The `configlib` package provides a declarative configuration loader and helpers to populate classes from TOML or environment sources.

Key concepts:

- `@configurable(load_config=..., load_env=...)` — class decorator that registers the class with the global configuration manager. The decorated class can then be loaded from files using `Config.load(instance, config_file, env_file)` or the shorthand `config[instance].load(config_file, env_file)`.
- `@setting("key.path")` / `setting.getter(...)` — used to declare configurable properties on a class.
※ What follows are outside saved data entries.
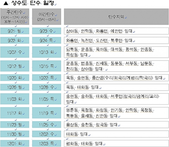 9월 21일부터 12월 3일까지 동지역과 읍면지역(풍산읍, 북후면, 와룡면, 서후면, 예안면, 도산면, 녹전면) 일원에서 주‧야간 특정시간에 일정에 따라 단수가 될 예정이다.
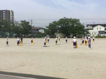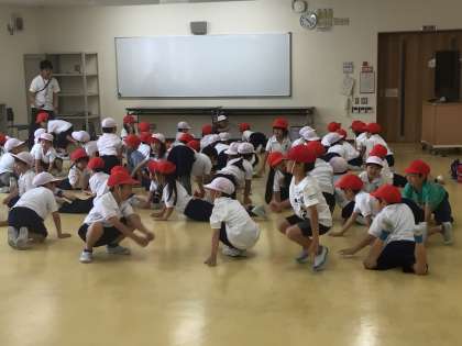 5月21日、今日も暑い1日となりました。現在、水泳をコナミスポーツクラブで行っていますが、学校でも体育の授業を行っています。学校では、朝の涼しい時には、外で、WBGTを見て、外でできない時には、体育館や、広い教室を使って行っています。今日は2年生が朝、休憩をとりながら、ボール遊びをしていました。WBGTがあがってきたので、1年生はひよどりホールで、仲間作りゲームや、進化ジャンケンゲームを行っていました。みんな楽しそうでした。
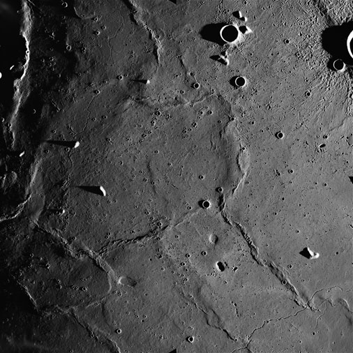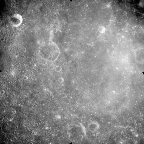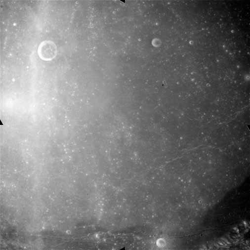 Al's first task is to flip the CSM around from flying with the SPS engine facing forward, to flying with the apex of the Command Module facing forward. As always with these turnaround maneuvers in lunar orbit, he has to roll the CSM clockwise by 40° first. This avoids the computer taking the spacecraft's attitude through one which would cause gimbal lock. With the SIM bay restored to looking down, he can begin his breakfast. Then, as Endeavour approaches the sunset terminator, an hour-long period of photography by the Mapping Camera begins, which will last until it reaches the sunrise terminator over the western side of Mare Imbrium. During that pass, the Metric section of the camera will take 148 images, AS15-M-1704 to 1851. The start time of the photography was read up at 162:04:41 as being 162:59:30.

The decorator creates descriptors that store defaults and expose getters/setters which are set when configuration is loaded.
- `TomlReader` — a config reader for TOML files (used by the examples and `EmailNotifier`).

Example (simplified):

```python
from phdkit.configlib import configurable, setting, TomlReader, config

@configurable(load_config=TomlReader(), load_env=TomlReader())
class AppConfig:
    @setting("app.name", default="phdkit-sample")
    def name(self) -> str: ...

app = AppConfig()
config[app].load("config.toml", "env.toml")
print(app.name)
```

### Task batching

TODO

### Declaratively plotting

TODO

### Terminal UI helpers (rich)

This subpackage contains small utilities built on top of the `rich` library for
interactive terminal output:

- `LenientTimeRemainingColumn` — a progress-bar column that shows a lenient
    remaining-time estimate when the default rich estimator suppresses the value.
- `subshell` / `ScrollPanel` — a tiny helper to run subprocesses and stream
    their stdout/stderr into a scrollable panel rendered with `rich.live.Live`.
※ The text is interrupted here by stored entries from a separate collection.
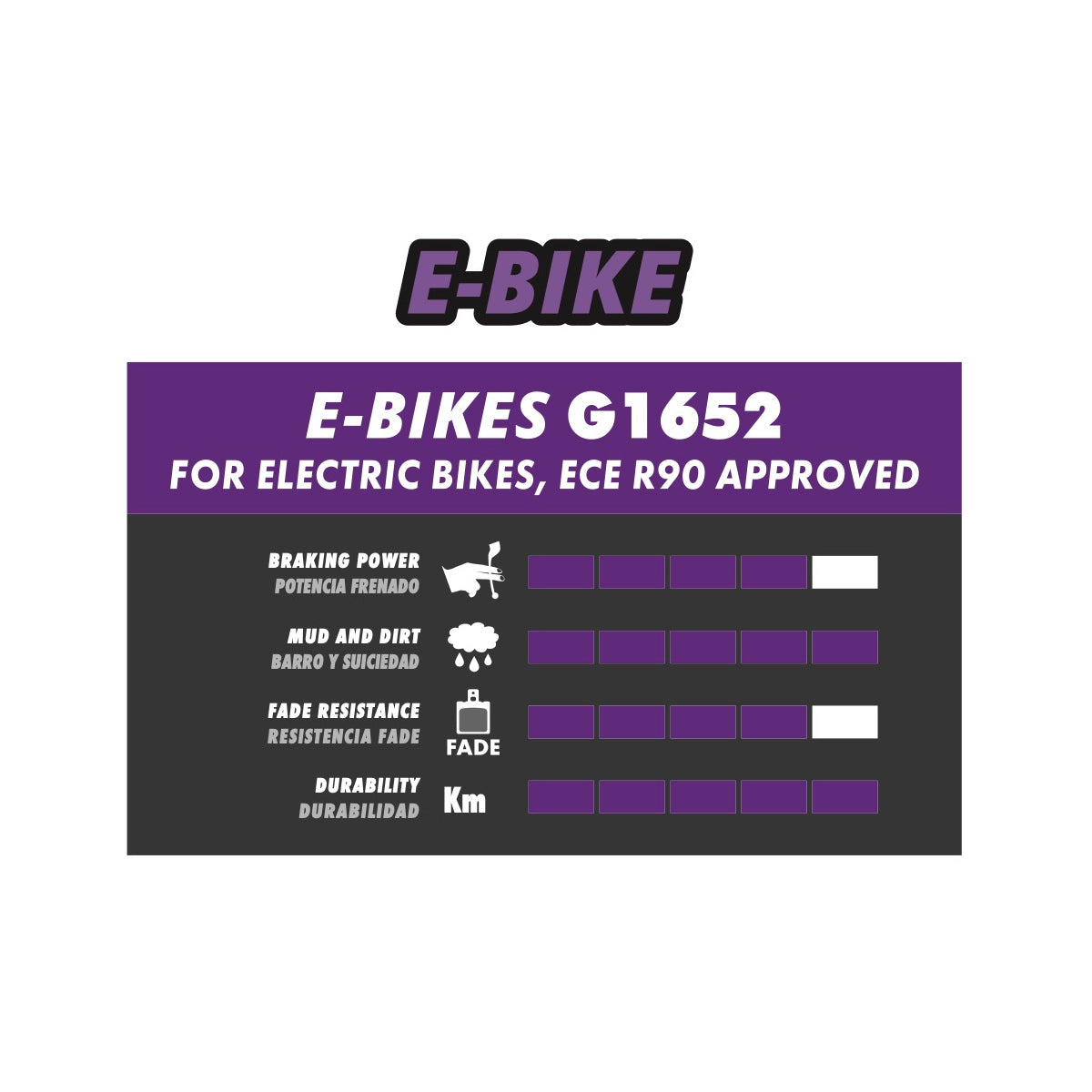 The new G1652 compound stands out for its resistance to high temperatures, strong braking power, exceptional durability and absence of noise. It has been developed specifically to meet the added demands placed on braking systems by the additional speed and weight of electric bicycles.
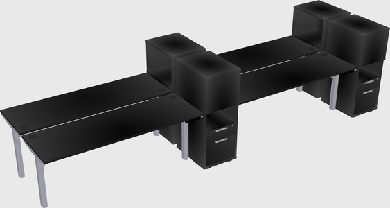 Black Shared Dual Motor Electric Height Adjustable Desks With Side Cabinets For 4 Persons
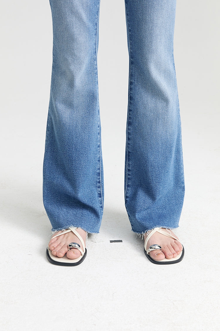 This cult-favorite flare jean has a high rise with a 29-inch length inseam and a frayed hem. Crafted from soft stretch denim, Read Between The Lines is a medium blue wash with subtle fading and whiskering.
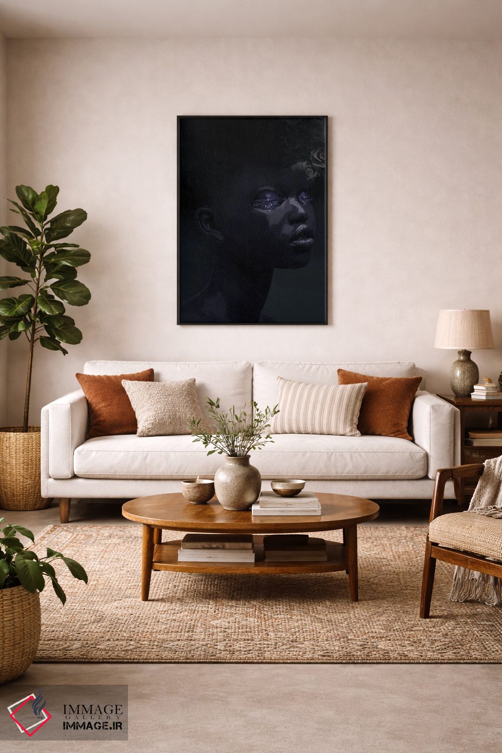 اگر محیط کمینهگرا است، مشکی را در فرش یا پرده (بهصورت خیلی کم) برگردانید تا فضا یکدستتر شود. انتخاب قاب هم میتواند این اکسنت را تقویت کند.
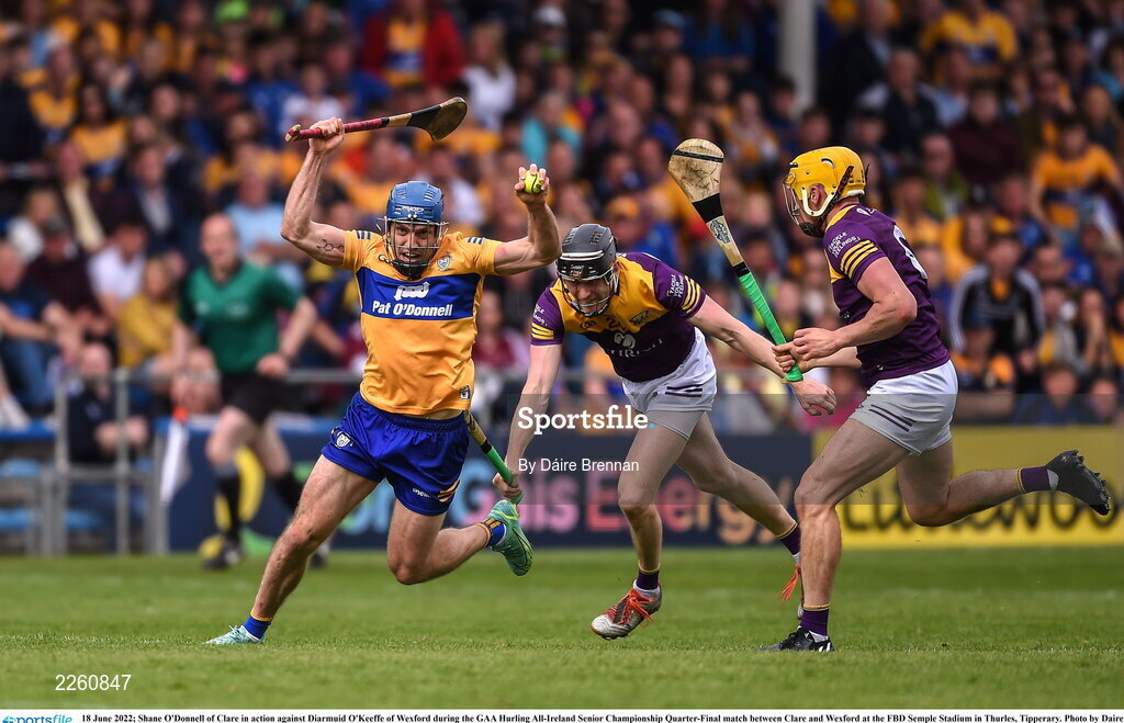 18 June 2022; Shane O'Donnell of Clare in action against Diarmuid O'Keeffe of Wexford during the GAA Hurling All-Ireland Senior Championship Quarter-Final match between Clare and Wexford at the FBD Semple Stadium in Thurles, Tipperary. Photo by Daire Brennan/Sportsfile

Example (lenient time column):

```python
from rich.progress import Progress
from phdkit.rich import LenientTimeRemainingColumn

with Progress(LenientTimeRemainingColumn()) as progress:
        task = progress.add_task("work", total=100)
        # update task.completed / task.advance in a loop
```

Example (subshell runner):

```python
from phdkit.rich import subshell

run = subshell("List dir", 20)
rc = run(["ls", "-la"])  # streams output into a live scrolling panel
```

### Other utilities

#### Infix functions

The `infix` decorator in `phdkit.infix_fn` allows you to define custom infix operators. Wrap a binary function with `@infix` and you can use the `|f|` syntax to call it. The implementation also provides helpers for left/right binding when partially applying one side of the operator.

Example:

```python
from phdkit.infix_fn import infix

@infix
def add(x, y):
    return x + y

result = 1 |add| 2  # equals add(1, 2)
```

#### Prompting

The `prompt` subpackage provides a lightweight prompt template processor for handling dynamic text generation with includes and variable substitution.

**Key Features:**

- `?<include:NAME>?` — substitute contents of `<resources>/NAME` (if present)
- `!<include:NAME>!` — substitute contents of `<prompts>/NAME` and recursively expand it
- `?<VAR.FIELD>?` — lookup `VAR.FIELD` in the provided arguments (dot-separated)
- Cache markers `!<CACHE_MARKER>!` for splitting prompts into cached and non-cached parts

**Example Usage:**

```python
from phdkit.prompt import PromptTemplate

# Simple variable substitution
template = PromptTemplate("Hello ?<name>?!")
result = template.fill_out_ignore_cache(name="World")
print(result)  # Hello World!

# With includes and cache splitting
template = PromptTemplate("!<CACHE_MARKER>! System prompt here. User: ?<user_input>?")
cached, rest = template.fill_out_split_cache(user_input="How are you?")
print(f"Cached: {cached}")  # Cached: System prompt here.
print(f"Rest: {rest}")      # Rest: User: How are you?
```

#### Miscellaneous

- `strip_indent` and `protect_indent`: Utility functions for handling indented text, particularly useful for preserving formatting in docstrings or templates. `strip_indent` removes leading whitespace from each line while respecting special markers like `|` for preserving indentation levels, and `protect_indent` adds protection to pipe-prefixed lines by doubling the pipe character to prevent unintended stripping.
- `unimplemented` and `todo`: Helper functions for marking incomplete code during development. `unimplemented` raises an `UnimplementedError` with an optional message, and `todo` is an alias for it, useful for placeholders in development code.

## Statement of Vibe Coding

This project pervasively uses vibe-coding, but with careful human audit.